What you need to do =>
Further down are entries; set down exactly and only the lines from the one with "Against a vivid" up to and including the one with "El director general", dropping each picture.

Task data =>
*** Begin section ***

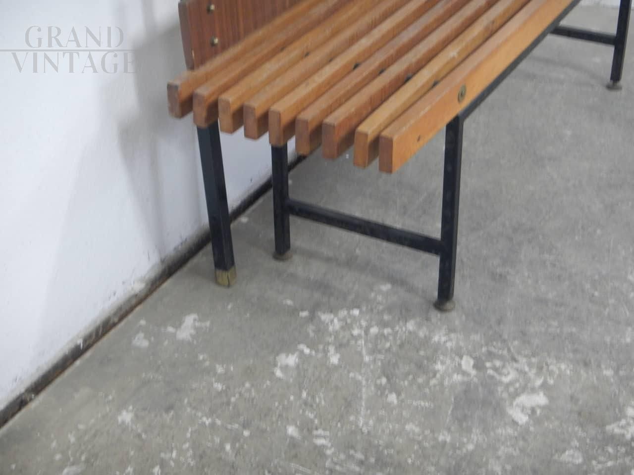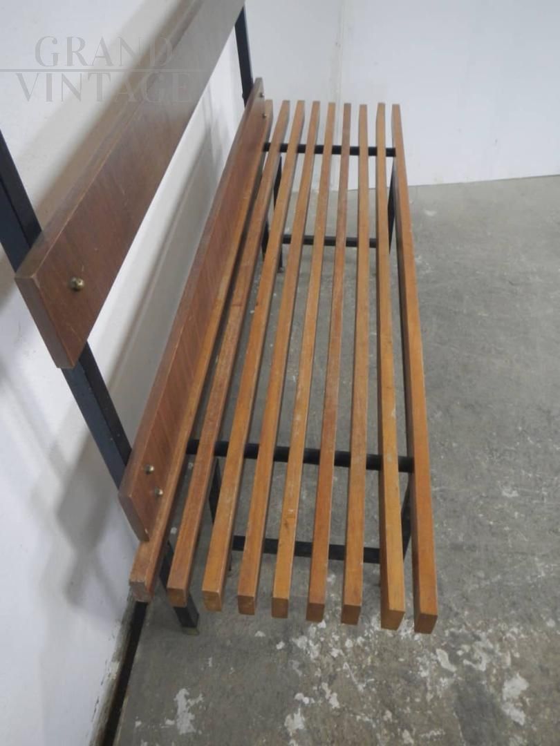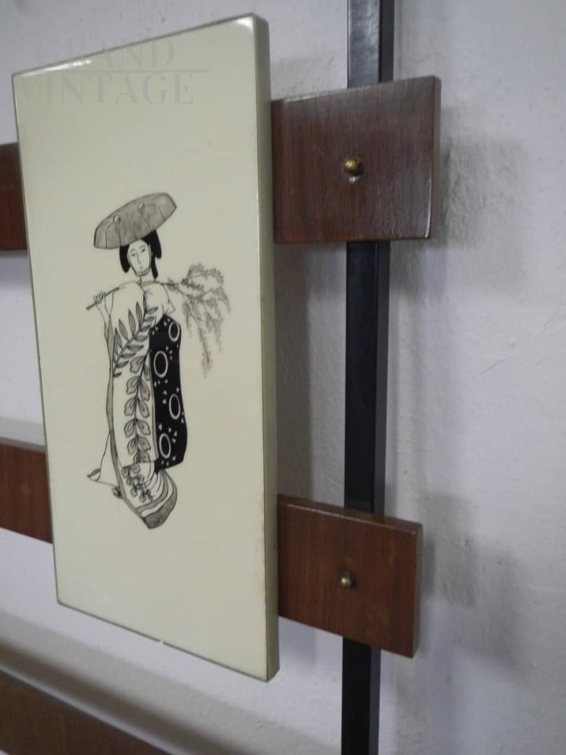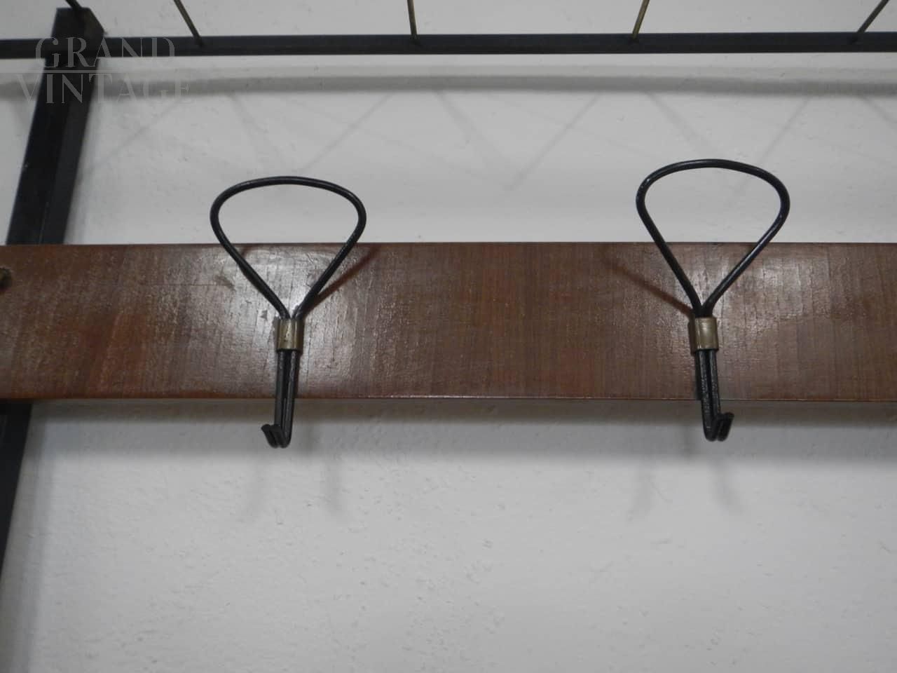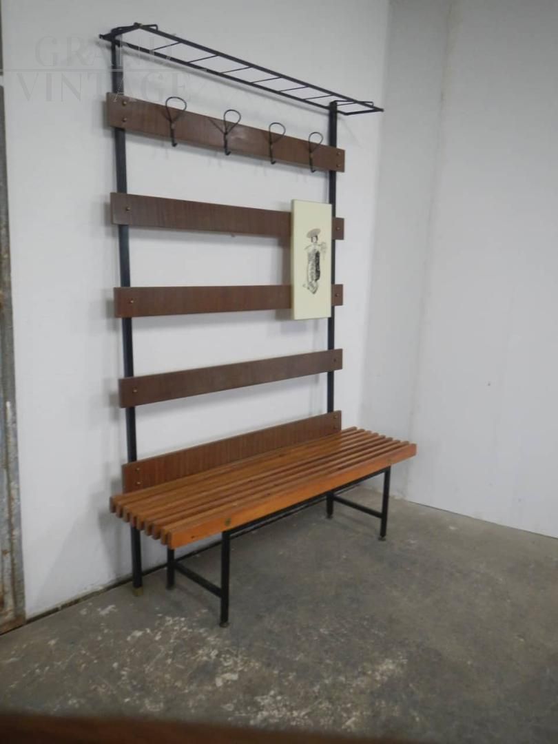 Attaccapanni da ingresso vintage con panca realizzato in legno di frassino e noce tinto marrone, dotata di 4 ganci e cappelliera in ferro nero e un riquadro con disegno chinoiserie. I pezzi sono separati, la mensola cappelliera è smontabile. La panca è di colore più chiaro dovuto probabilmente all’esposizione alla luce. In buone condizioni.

*** End section ***
*** Begin section ***

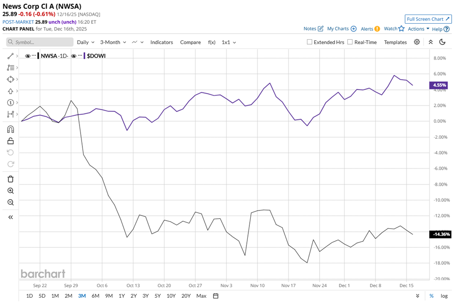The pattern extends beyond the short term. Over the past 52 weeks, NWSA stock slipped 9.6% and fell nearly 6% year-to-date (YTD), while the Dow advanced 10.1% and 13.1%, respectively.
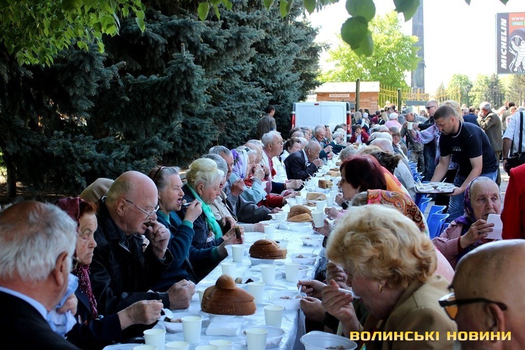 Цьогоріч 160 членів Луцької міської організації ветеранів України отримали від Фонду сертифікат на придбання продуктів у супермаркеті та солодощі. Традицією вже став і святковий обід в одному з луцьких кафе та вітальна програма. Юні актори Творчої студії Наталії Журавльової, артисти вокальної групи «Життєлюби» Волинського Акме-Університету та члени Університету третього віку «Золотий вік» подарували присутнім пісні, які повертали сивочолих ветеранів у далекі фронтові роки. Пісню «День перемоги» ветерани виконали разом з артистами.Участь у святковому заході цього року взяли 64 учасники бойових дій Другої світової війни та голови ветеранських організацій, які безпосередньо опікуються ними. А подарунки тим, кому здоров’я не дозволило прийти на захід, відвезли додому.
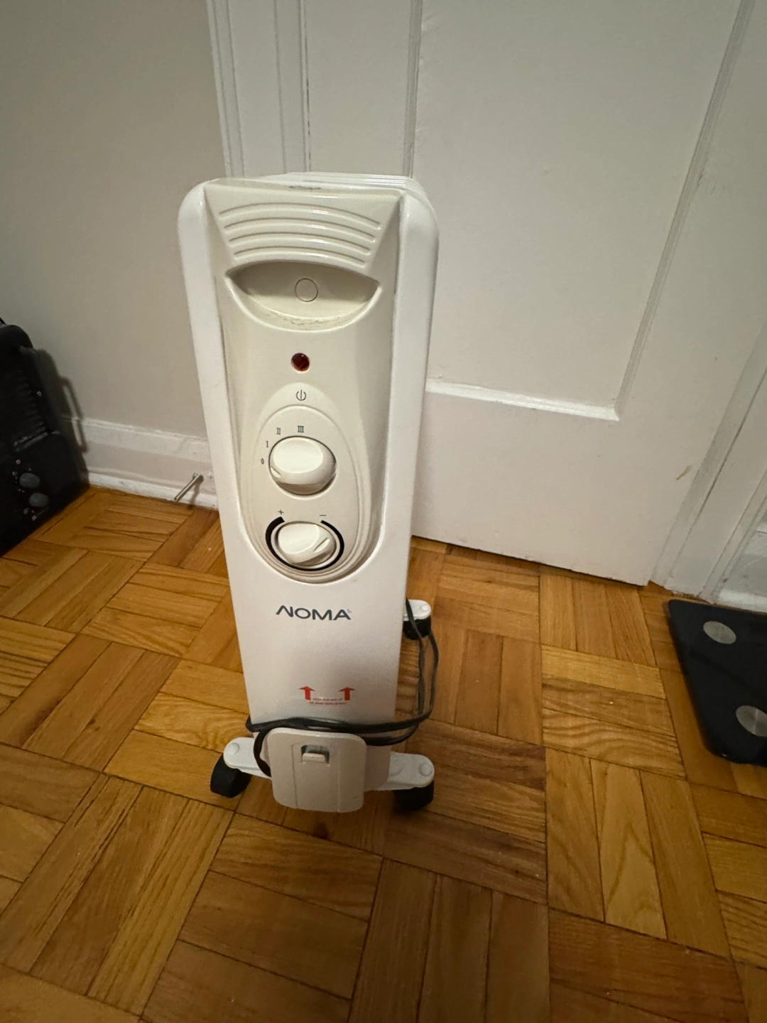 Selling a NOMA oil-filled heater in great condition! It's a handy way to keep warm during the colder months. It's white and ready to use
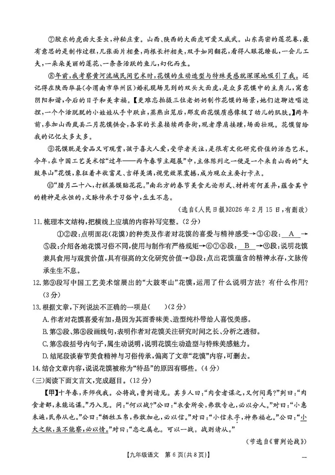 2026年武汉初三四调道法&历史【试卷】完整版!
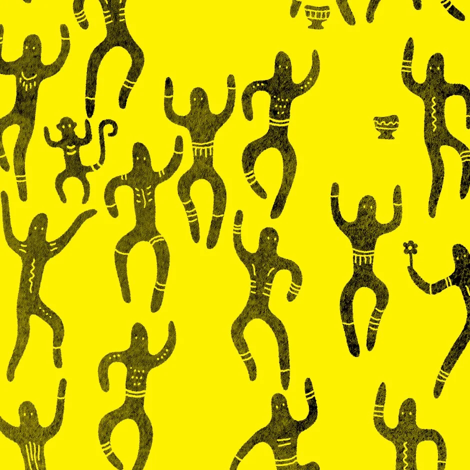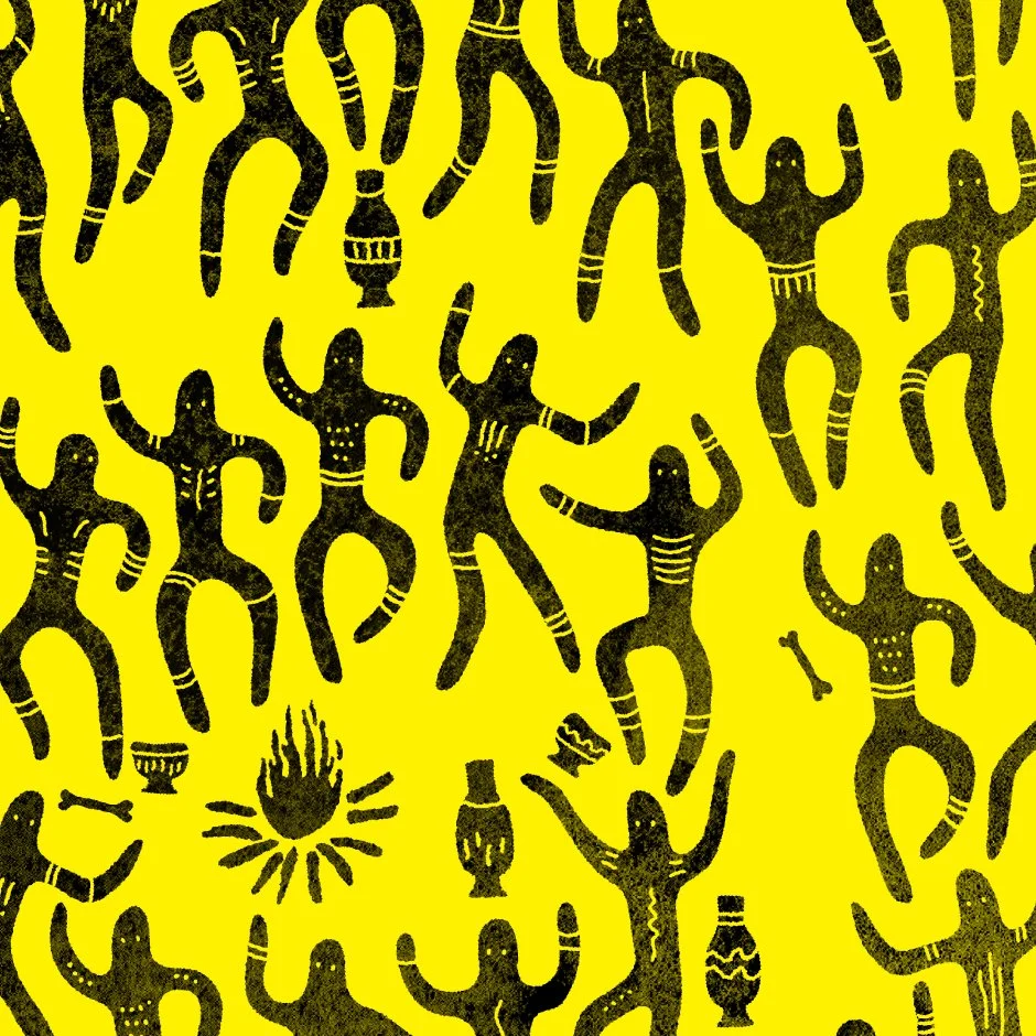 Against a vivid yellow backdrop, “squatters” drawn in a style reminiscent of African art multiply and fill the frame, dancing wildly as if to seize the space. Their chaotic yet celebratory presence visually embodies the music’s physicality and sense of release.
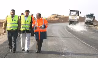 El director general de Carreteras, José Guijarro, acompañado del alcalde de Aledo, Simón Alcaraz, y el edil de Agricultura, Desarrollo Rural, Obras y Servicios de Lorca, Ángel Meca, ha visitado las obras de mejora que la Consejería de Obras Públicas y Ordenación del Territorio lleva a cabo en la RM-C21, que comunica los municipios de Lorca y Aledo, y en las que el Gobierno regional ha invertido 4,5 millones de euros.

*** End section ***
*** Begin section ***

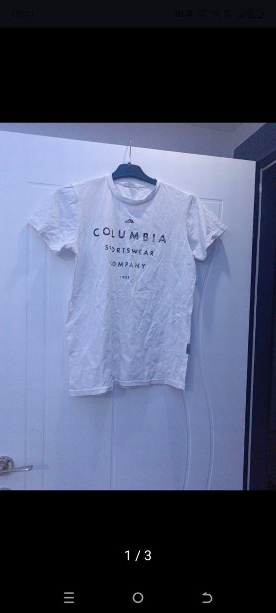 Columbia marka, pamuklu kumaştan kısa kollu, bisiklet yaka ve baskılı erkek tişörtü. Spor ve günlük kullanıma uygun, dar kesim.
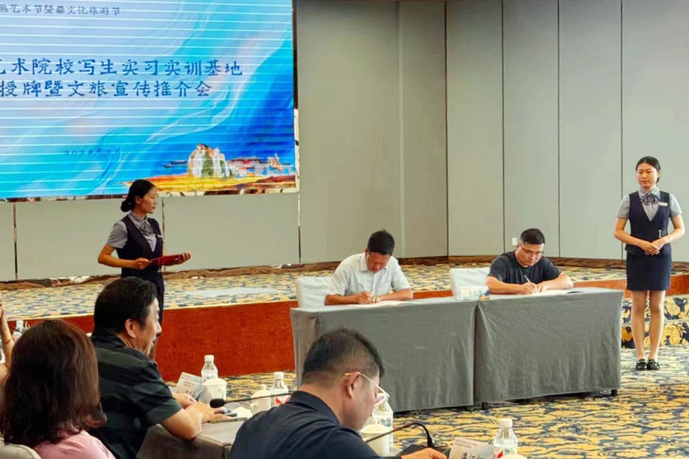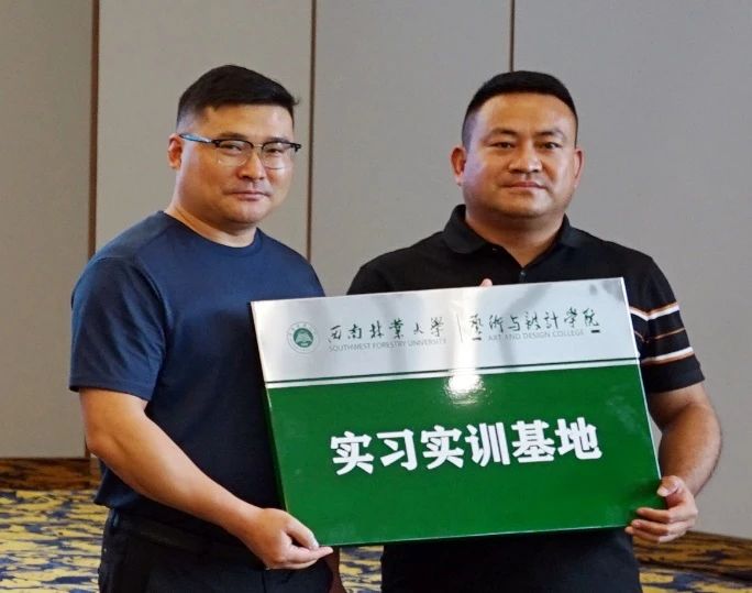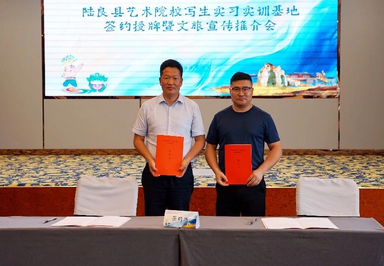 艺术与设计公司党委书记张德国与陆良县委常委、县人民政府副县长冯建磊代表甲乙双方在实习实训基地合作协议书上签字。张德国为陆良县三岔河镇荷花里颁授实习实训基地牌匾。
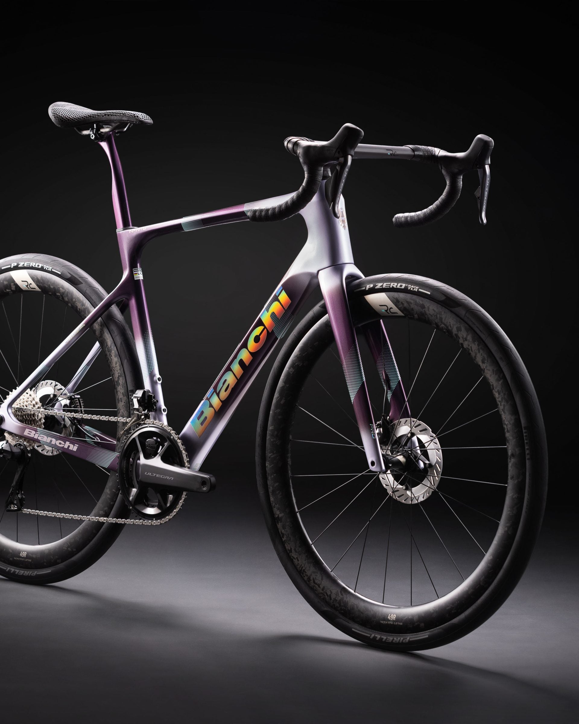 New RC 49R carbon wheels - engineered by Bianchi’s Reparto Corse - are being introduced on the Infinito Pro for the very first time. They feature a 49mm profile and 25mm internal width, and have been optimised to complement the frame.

*** End section ***

Written answer =>
 Against a vivid yellow backdrop, “squatters” drawn in a style reminiscent of African art multiply and fill the frame, dancing wildly as if to seize the space. Their chaotic yet celebratory presence visually embodies the music’s physicality and sense of release.
 El director general de Carreteras, José Guijarro, acompañado del alcalde de Aledo, Simón Alcaraz, y el edil de Agricultura, Desarrollo Rural, Obras y Servicios de Lorca, Ángel Meca, ha visitado las obras de mejora que la Consejería de Obras Públicas y Ordenación del Territorio lleva a cabo en la RM-C21, que comunica los municipios de Lorca y Aledo, y en las que el Gobierno regional ha invertido 4,5 millones de euros.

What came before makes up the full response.